IPv4接続時の混雑や、接続方式の違いが影響することもあります。プロバイダーが提供するIPv6接続やIPoE方式に対応しているかを確認し、対応機器や設定が必要な場合は案内に従って変更します。

原因5:アクセス先のサーバーや配信側が速度を制限している

スピードテストでは高速なのに、特定のサイトやクラウドストレージだけ遅い場合は、アクセス先のサーバー、CDN、ファイル配信設定が原因の可能性があります。相手側の混雑、同時接続数、地域ごとの配信能力によって、利用者側の回線性能を十分に活かせないことがあります。

複数のサービスや異なるサーバーで速度を測定し、結果を比較してください。1つのサイトだけ遅いなら、光回線全体の障害と決めつけず、配信側の状況も確認する必要があります。

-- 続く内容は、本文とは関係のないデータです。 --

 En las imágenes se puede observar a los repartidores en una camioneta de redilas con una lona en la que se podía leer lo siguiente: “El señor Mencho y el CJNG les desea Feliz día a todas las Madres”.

原因6:ルーターや端末の性能がボトルネックになっている

高速な光回線を利用していても、ルーターのWAN・LANポートが1Gbps未満だったり、端末のネットワークアダプターが古かったりすると、速度に上限が生じます。複数の端末で同時に通信している場合は、ルーターの処理能力や接続台数も影響します。

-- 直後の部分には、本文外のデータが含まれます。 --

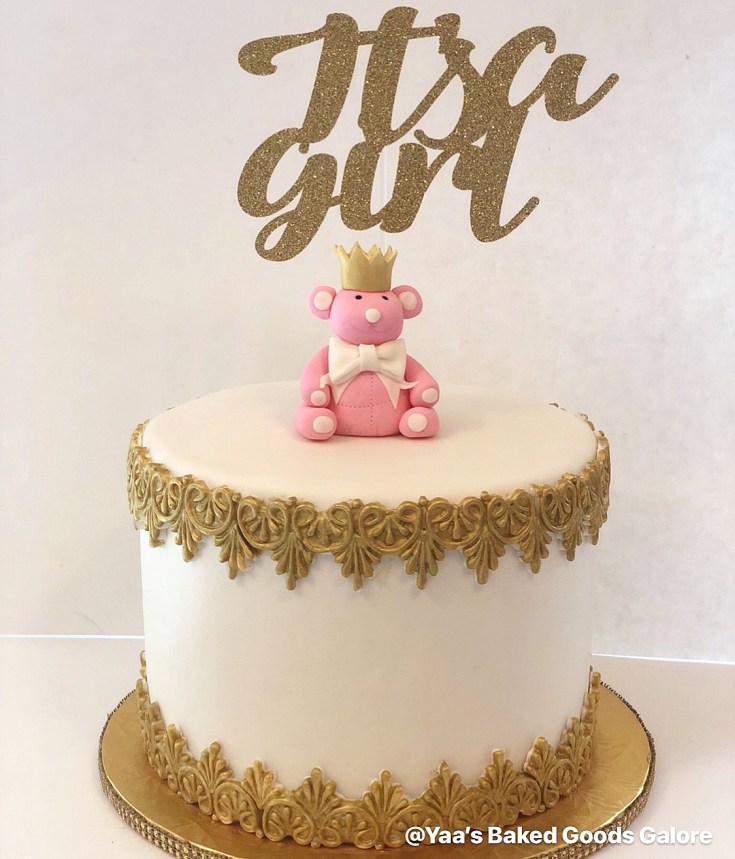 9″ 4 layer Vanilla custom baby shower cake w/ a handmade fondant teddy bear

ルーターのファームウェアが古い、メモリ負荷が高い、長期間再起動していないといった状態でも、一時的な不安定さが起こります。機器を再起動し、ケーブル規格、ポート速度、対応Wi-Fi規格を確認してください。

原因を切り分ける確認手順

  1. 契約速度と実測値の単位がMbpsかMB/sかを確認する。
  2. 同じ時間帯に複数のスピードテストを実行し、下り、上り、Ping、遅延を記録する。
  3. Wi-FiではなくLANケーブルで接続して結果を比較する。
  4. 異なる端末と複数のダウンロード先で速度を確認する。
  5. 時間帯による変化、ルーターの状態、プロバイダーの障害情報を調べる。

LAN接続では速くWi-Fiだけ遅い場合は宅内無線環境、すべての端末で夜間だけ遅い場合は回線やプロバイダーの混雑、特定のサービスだけ遅い場合は配信側の制限が主な候補になります。

MB/sを実際に改善するための対策

  • ルーターと端末を最新のファームウェアやOSに更新する。
  • 可能な場合は5GHz帯または6GHz帯を使い、ルーターを床や収納の奥から離す。
  • 重要なダウンロードやオンライン会議では有線LANを使用する。
  • 不要なバックアップ、動画配信、ゲーム更新などの同時通信を停止する。
  • LANケーブルとルーターのポートが必要な通信速度に対応しているか確認する。
  • IPv6やIPoEの利用条件をプロバイダーに確認する。

改善後は同じ端末、同じ接続方法、同じ測定先で再測定すると、対策の効果を比較しやすくなります。速度だけでなく、Pingや遅延、通信の安定性も確認することが重要です。

まとめ

MbpsからMB/sへの変換は、基本的に数値を8で割ります。ただし、実際の速度は通信 overhead、Wi-Fiの電波状態、回線混雑、サーバー側の制限、ルーターや端末の性能によって変化します。単位をそろえたうえで、有線接続、複数の測定先、時間帯の比較を行うと、原因を効率よく特定できます。